X calls our new world a “habitat;” he terms us not survivors, but experimental subjects. The other survivors we’ve met are like us: young, fit, male. Always male. In three months, we have neither seen nor heard of a living female. How long will it take the species to die out, if we can no longer reproduce? Is this the experimental question? We can only speculate; we receive no communications from the experimenters.

Now X and I scale a brace, clambering, as X was directed, through a second-story window and into what was formerly an apartment.

Welcome—to the Museum of Impossible Desires!
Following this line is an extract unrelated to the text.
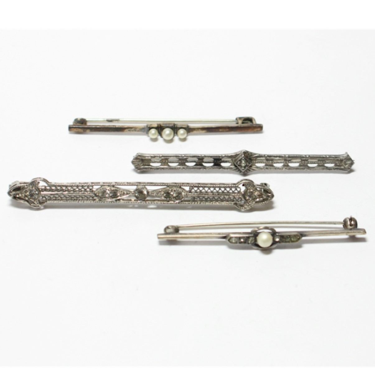 Antique Sterling Silver Bar Pin Collection with Stone/Pearl Accents. You will receive 4 Pins in this lot. They remain in good collectable condition with all accents intact. Pins measure between 2" and 2 1/2" in length. Total weight of the collection is 11.05grams. 4pcs.
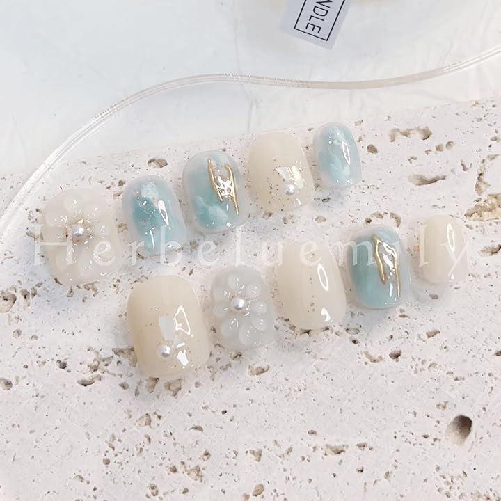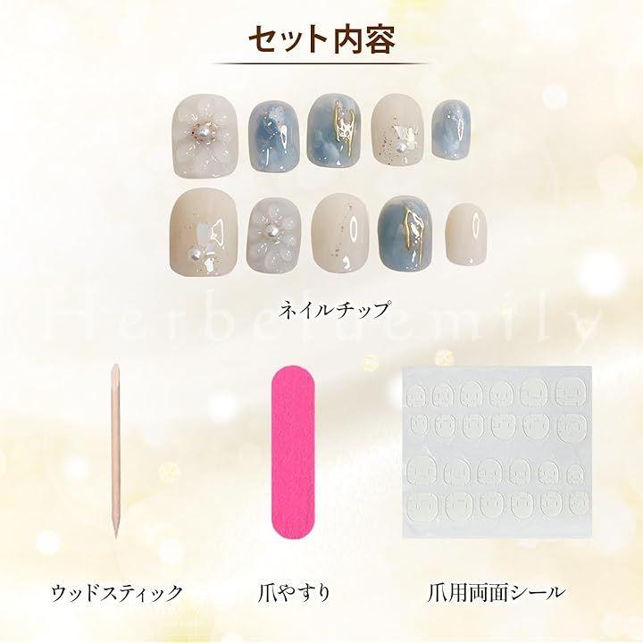 「ネイルサロンのようなおしゃれな指先に」手作り風のネイルチップは簡単につけ外しができるため、自宅で手軽に楽しめます。

The greeting is graffitied across the room’s far wall. Every other surface is plastered in advertisements, for automobiles, cell phones, cameras, e-readers. A coffee table, the room’s only furnishing, holds tattered magazines, paste jars. Display your desire, urges a tented sign. I’d been shopping for a treadmill when the change came. I’d wanted to run miles in my basement. There’s no use recollecting that. X keeps moving; I follow.

The corridor’s walls are densely studded with Illuminations. Lightbulbs of every size—grey now, dead. False suns, explains a sign, devices to defy circadian rhythms. The dining room is mirrored with Distractions, the blank screens of televisions, computers, tablets. Substitute realities, for when ours became too stifling. An igloo made of ice cube trays fills the former kitchen. X crawls inside, but I don’t play along. I’m exasperated already with this “museum.” We were decadent, yes—did we deserve decimation?
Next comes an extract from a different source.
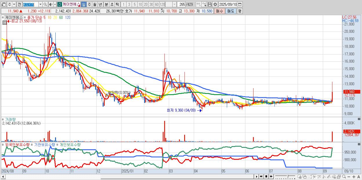 - 케이엔에스 (11,960원 ▲ 12.3% , 시총: 1,049억, 거래량: 1,179,909, 거래대금:145억)

Self-aggrandizements await us in a bedroom: framed boxes of Viagra, prenatal vitamins, ovulation kits. The curator grows voluble. Once humans were able to breed—sometimes. They existed in two forms, male and female. From the conjoined agitation of their sex organs, new humans were engendered. A mattress, recovered in maxi pads, is positioned beneath a mobile strung from tampons. The female periodically shed the lining of her uterus onto products designed for that purpose. Those products were collected in museums called landfills. To imagine the uterus, imagine a pocket inside yourself, in which another person could grow to 1/15 scale. That person would be extracted surgically, through your stomach, or—rarely—through a specially-designed opening between your legs. Relax, the notes advise, it’s over now.

X tests the mattress with his palm. “When you were a kid, did you think that menstrual blood was blue?” “I had older sisters,” I remind him. Janie and Lora. Our shared bathroom taught me the color of menstrual blood, the odors of teenage girls. My sisters lived in Cincinnati and Santa Fe when things changed. For all this curator knows, they do, still. Our communication systems are primitive. A loose web of couriers, through which it must be possible that all surviving woman have slipped. Anything, we know now, is possible.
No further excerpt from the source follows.